She had come in fuming, which was normal, but also fundamentally upset – a state he failed to recognize because he had never seen her in it before. Also, he was rereading James Dickey’s Deliverance, reveling again in how well Dickey had harnessed his poetic sensibility, at least that once, to narrative, and he had just gotten to the closing passages, where the unfortunate canoeists are trying to cover up both what they have done and what has been done to them.
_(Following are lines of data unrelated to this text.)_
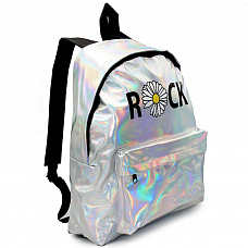 70356 Рюкзак мягкий Рок с ромашкой на кожзаме,1 отделение на молнии с подкладкой, большой передний карман, внутренний карман, усиленно дно "тилит", усиленные лямки. Материал - серебристый кожзам с полноцветной печатью, размер 39х30х14 см.
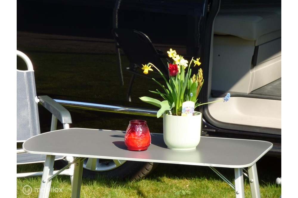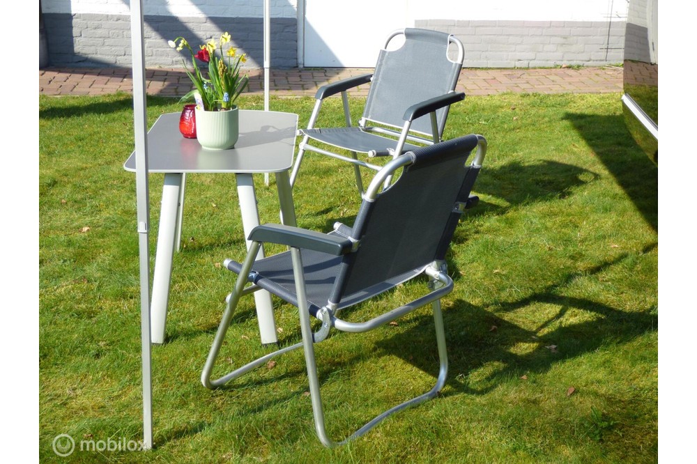 - Meest luxe kampeer inrichting met kampeer stoelen en tafel in deuren en kleppen opgeborgen en vele opbergmogelijkheden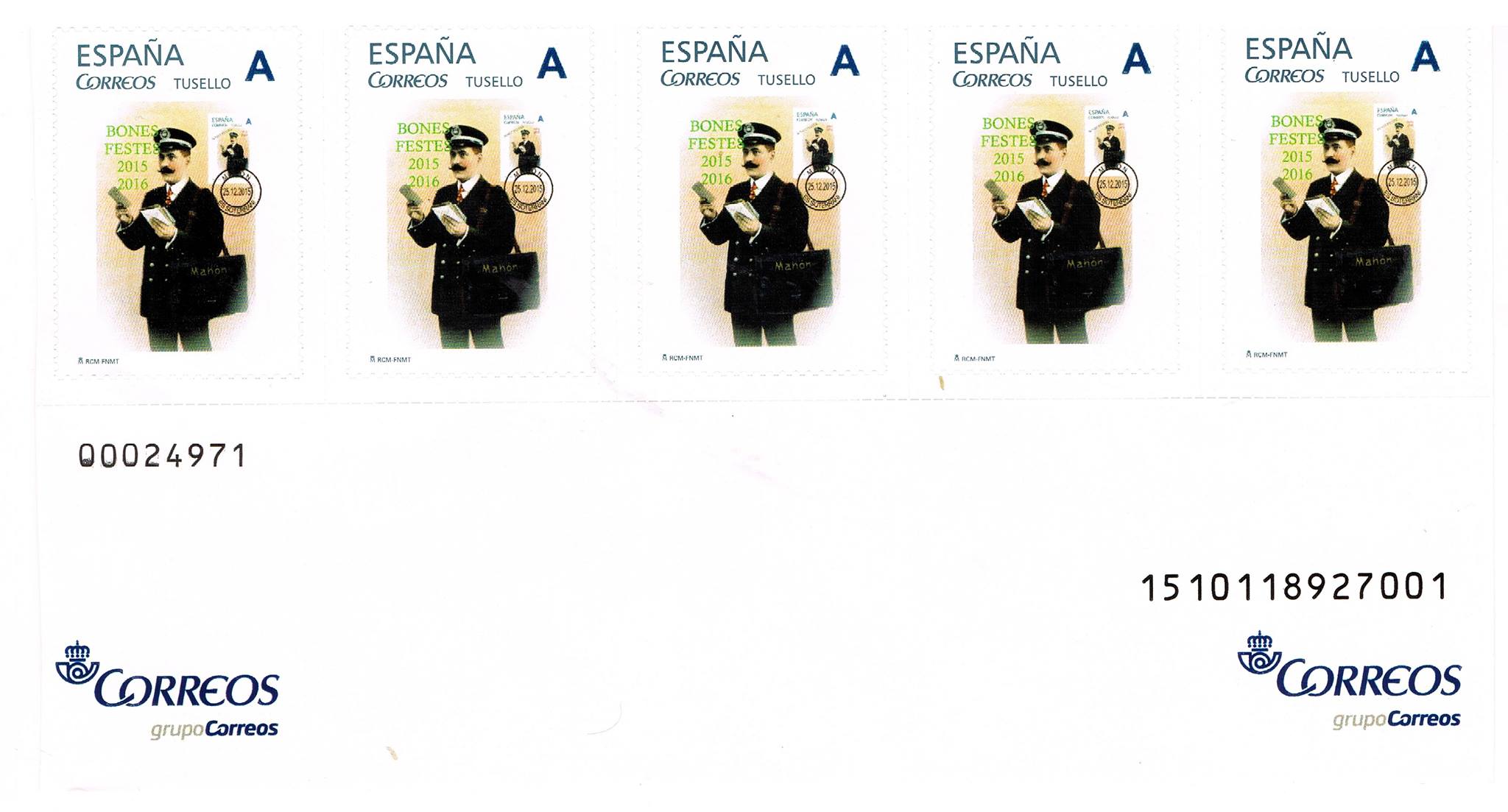 Reproduzco en este mensaje el sello personalizado (TU SELLO) emitido en Valencia, este mes, por parte de la Sociedad Valenciana de Filatelistas para desear "Bon Nadal i un feliç Nou Any 2016!".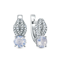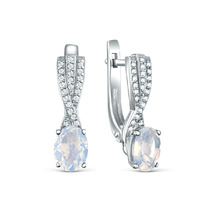 Серьги из серебра с плавленым кварцем цвета лунный камень и фианитами родированн

He had no idea that Ellen had just been forced to boot Shawna Deeson off the team, or that the two of them had had a screaming fight in the gym in front of the whole team – plus the boys’ basketball team, which was waiting their turn to practice their mediocre moves – or that Shawna Deeson had then gone outside and heaved a large rock at the windshield of Ellen’s Volvo, an act for which she would surely be suspended. He had no idea that Ellen was now blaming herself, and bitterly, because ‘she was supposed to be the adult.’
He heard that part – ‘I’m supposed to be the adult’ – and said Uh-huh for the fifth or sixth time, which was one time too many for Ellen Silverman. She plucked Deliverance from Wesley’s hands, threw it across the room, and said the words that would haunt him for the next lonely month:
‘Why can’t you just read off the computer, like the rest of us?’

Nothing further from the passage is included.